July 28, 2017 5:42:53 am
STATING THAT she has been receiving an increasing number of complaints from men alleging false complaints against them, Women and Child Development Minister Maneka Gandhi has asked the National Commission for Women (NCW) to “provide a window” to such men.
In a letter sent to NCW chairperson Lalitha Kumaramangalam on Thursday, Maneka has said the window “in the online complaint system of NCW” should be operationalised within a fortnight. “I have been receiving a large number of complaints from men who claim they have been falsely implicated in cases of domestic violence, dowry, rape etc. I am particularly concerned with the fact that this voice has become more and more loud in the last few months,” Maneka has written.
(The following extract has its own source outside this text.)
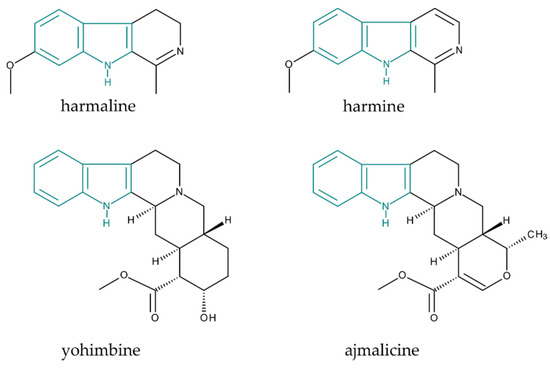 Well-known members of this group are psylocin and psilocybin, which are alkaloids isolated from species of the Psilocybe genus. The subjects of interest of this study were harmine, harmaline, yohimbine, and ajmalicine (Figure 2), which are compounds belonging to a group of terpene IAs commonly called monoterpenoid indole alkaloids (MIAs); they are formed from tryptamine and the C10 terpene unit. It is the largest family of alkaloids in the plant kingdom, consisting of over 2000 compounds of the 10,000 alkaloids identified so far [3]. Many of these natural secondary metabolites are physiologically active in mammals, and they are isolated from various medicinal plants for their specific pharmacological effects.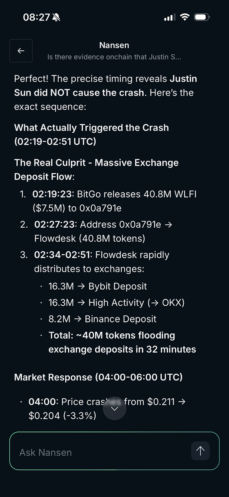 “At first, it (an AI agent) thought @justinsuntron caused the dump. Then I asked it to scrutinize the timestamps. Conclusion seems to be: he did not,” wrote Svanevik in a Friday X post, referencing his conversation with the Nansen AI agent.

While asking the NCW “to provide a window to such men where they can bring up instances of false complaints against them”, she has said she is “conscious of the fact that this kind of a step may bring in a backlash from the women and the men may also be encouraged to make every case of harassment by them look like a false case. Yet we need to do a dipstick test to figure out the reality.” She has said the NCW should ensure a “rigorous” mechanism to file complaints so that “frivolous complaints” can be weeded out.
“The receipt of the complaint must be linked to proper identification through Aadhaar and a valid mobile number,” she has said. “Due safeguards may (be) inbuilt to ensure that this window does not become an instrument of counter complaints by men who have cases filed against them by their wives/ other women.”
Stating that as the head of the Ministry for Women and Child Development, her concern is “grievances of women first”, she has said that “at the same time, misuse of laws created to protect women should also be a matter of concern for us.”
Meanwhile, NCW officials said the move goes against the very guidelines on which the commission is based. The NCW was set up as a statutory body in January 1992 under the National Commission for Women Act, 1990, and does not fall under the control of the ministry. “Men have access to other avenues, for example, the NHRC, through which they can get their grievances heard,” said an NCW official. “This move will leave the commission open to litigation, which would mean litigation against the government.”
The NCW handles about 23,000 cases every year, mostly related to domestic violence.